It’s like a good elevator pitch: tell what you’re doing, show why it matters.
Good and bad ideas get corresponding reactions—“your idea is bad and you
should feel bad” versus “shut up and take my money”, if you will. But if your
idea is “frighteningly ambitious”, then they’ll probably just say “yeah,
right” or “how‽”

For example, I’m writing the legendary “sufficiently smart compiler”; with it,
your program will run on many cores and computers as if they were one fast
one.

Yeah. Right.

So yes, it’s a shame when talent goes unrecognised, but founders and funders
need to meet each other halfway—somewhere around “fɔunders”, I guess. And
there’s no reason you can’t be kind and firm at the same time.

------
jseliger
This stood out to me: "I whispered audibly enough for a few nearby people to
hear, 'Be specific! Be specific!'" because it also applies to writing. I'm a
grad student in English lit and teach undergrads. Their writing is filled with
generalities about the work and/or author; very few have the training or
discipline to talk specifically about the work and to examine particular
sentences. So I spend a lot of time doing that in class.

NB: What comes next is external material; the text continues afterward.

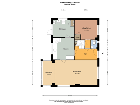 Begane grond: entree/hal met toilet, trapopgang, slaapkamer, woonkamer, eetkamer met erker, keuken, bijkeuken met wasmachine aansluiting, garage/schuur met bergzolder
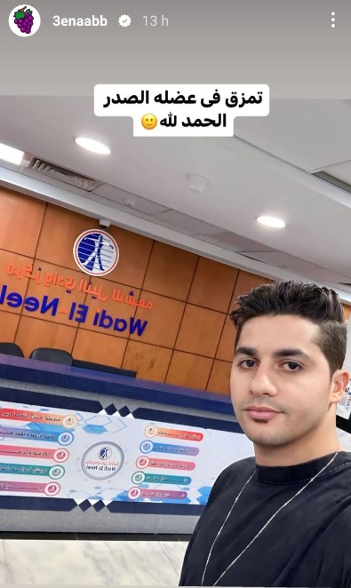 نشر عنبة ستوري عبر حسابه الرسمي على إنستجرام من داخل أحد المراكز الطبية، وعلق عليها قائلًا:" تمزق في عضلة الصدر.. الحمد لله".

Actually, most people are like this with books or movies or other things in
their lives; they'll be able to say if they liked a book, or could "relate" to
it (whatever that means), but beyond that they won't have much concrete
(another synonym for "specific). Which is okay, since they're not trying to be
professional writers or critics. But if you are trying to a be professional
_x_ (writer, critic, startup), you'd better be willing to look at details,
since details are everything.

The older I get, the more I believe details are everything. Well, maybe not
_quite_ everything, but certainly 95% of the thing.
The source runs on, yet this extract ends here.